The application in the spark ecosystem is based on the Rdd build (), which fully illustrates that the RDD abstraction is generic enough to describe most scenarios.

Rdd operation type-conversions and actions

The operation of the RDD is divided into two main categories: conversion (transformation) and action (action). The main difference between the two types of functions is that the conversion accepts the RDD and returns the RDD, while the action accepts the RDD but returns a non-Rdd. The conversion takes the lazy call mechanism, each of which records the method of the parent RDD conversion, which is called the Blood (lineage), and the action call is calculated directly.

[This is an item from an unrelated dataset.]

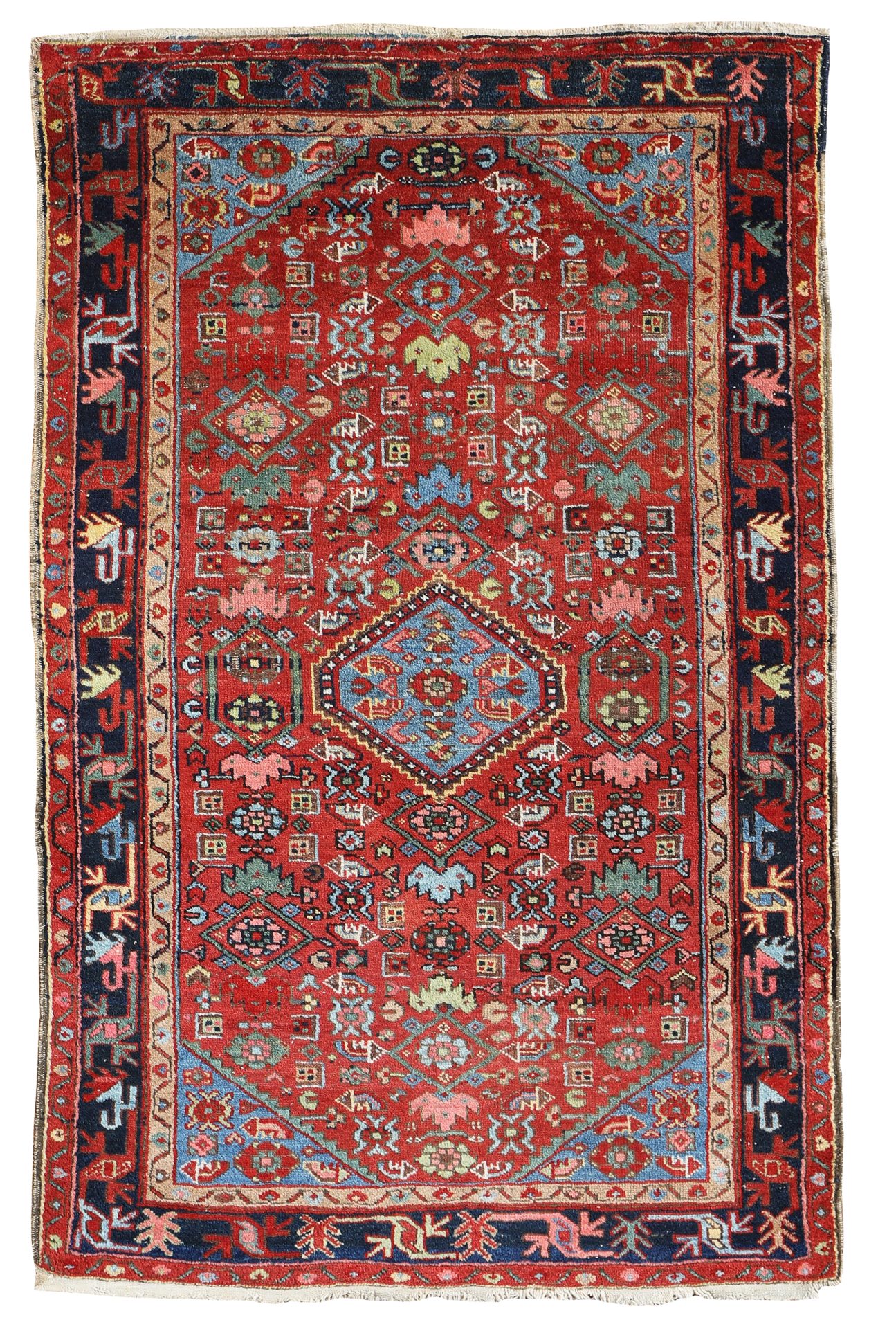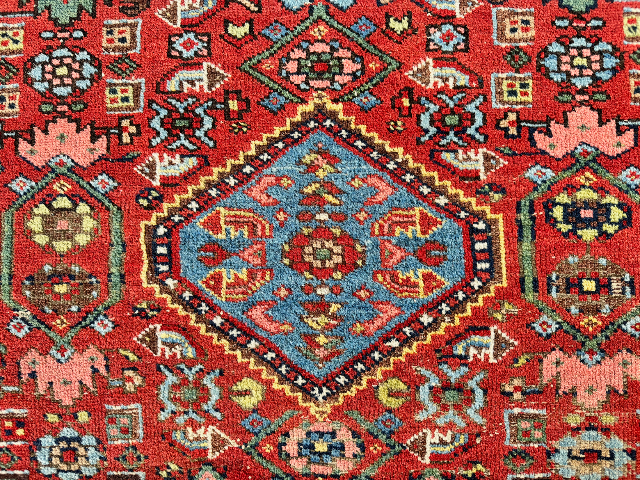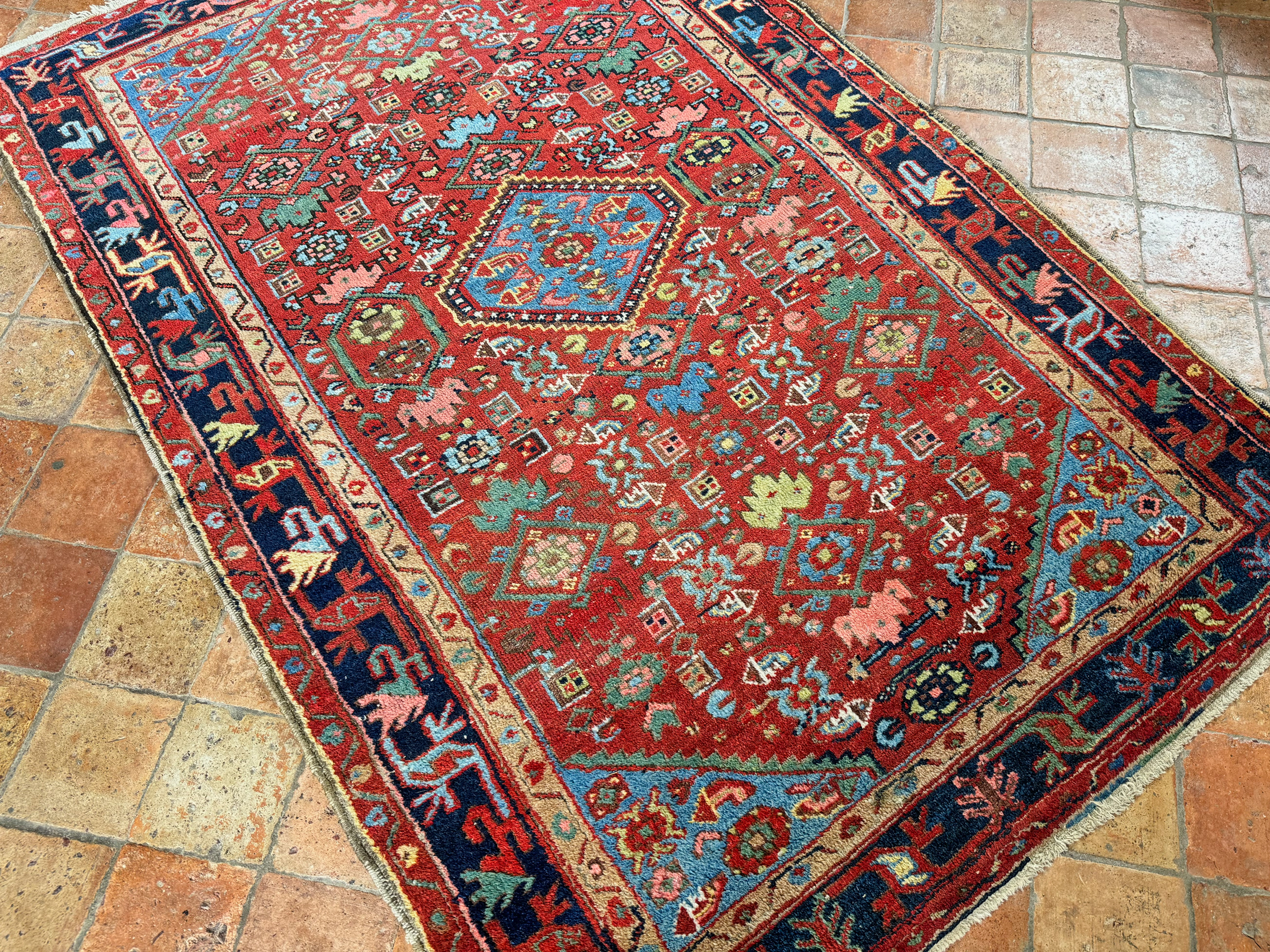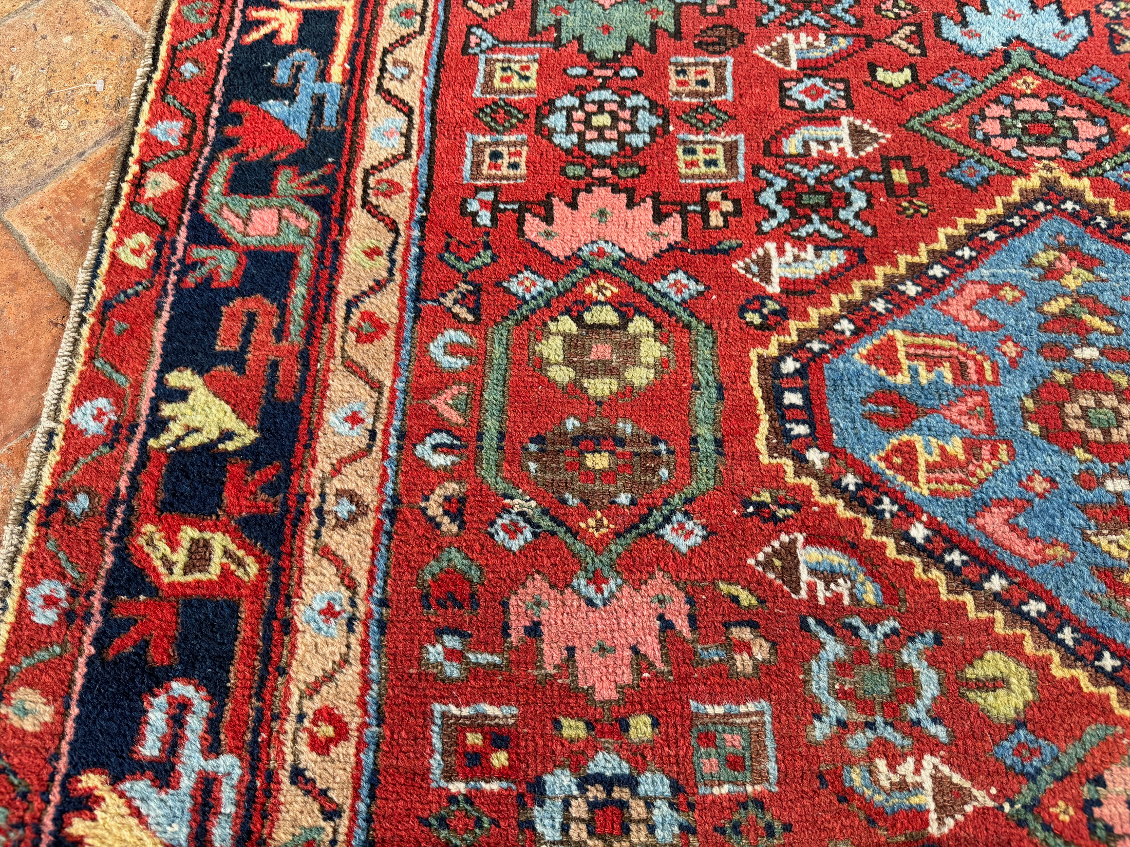 A colourful tribal rug woven in the North-West of Persia around 1900-1910. With a tough wool pile this rug is extremely durable and would add life to many rooms. Good pale blue dyes and hints of green natural dyes. A very handsome antique rug in a great size and with lovely motifs.

Using the lazy call, through the blood connection of the RDD operation can be pipelined (pipeline), the operation of the pipeline can be done directly in a single node, to avoid the data synchronization between the multiple conversion of the wait .

The use of blood in tandem can keep each calculation relatively simple, without worrying about having too much intermediate data, because these blood operations are piped, which also guarantees a single logic, without the possibility of reducing the map reduction process, as in MapReduce, in a single map Too much complex logic is written in reduce.

RDD usage Mode

The RDD uses a generic pattern that can be abstracted into the following steps

    1. Loading external data, creating RDD objects
    2. Create a new Rdd object using a transform, such as filter
    3. Caches need to be reused for RDD
    4. Use an action, such as Count, to start a parallel calculation

RDD-Efficient strategy

The data that spark officially provides is the RDD in some scenarios, the computational efficiency is 20X of Hadoop. Whether this data has moisture, we do not pursue, but the efficiency of the RDD is guaranteed by a certain mechanism:

    1. The RDD data is read-only and cannot be modified. If you need to modify the data, you must convert from the parent Rdd (transformation) to the child Rdd. Therefore, in a fault-tolerant strategy, theRDD does not have data redundancy , but rather the implementation of fault tolerance through the RDD parent-child dependency (kinship) relationship.
    2. The RDD data is in memory, between multiple RDD operations, and the data is not landed on the disk, avoiding unnecessary I/O operations.
    3. The data stored in the RDD can be Java objects, so avoid unnecessary serialization and deserialization of objects.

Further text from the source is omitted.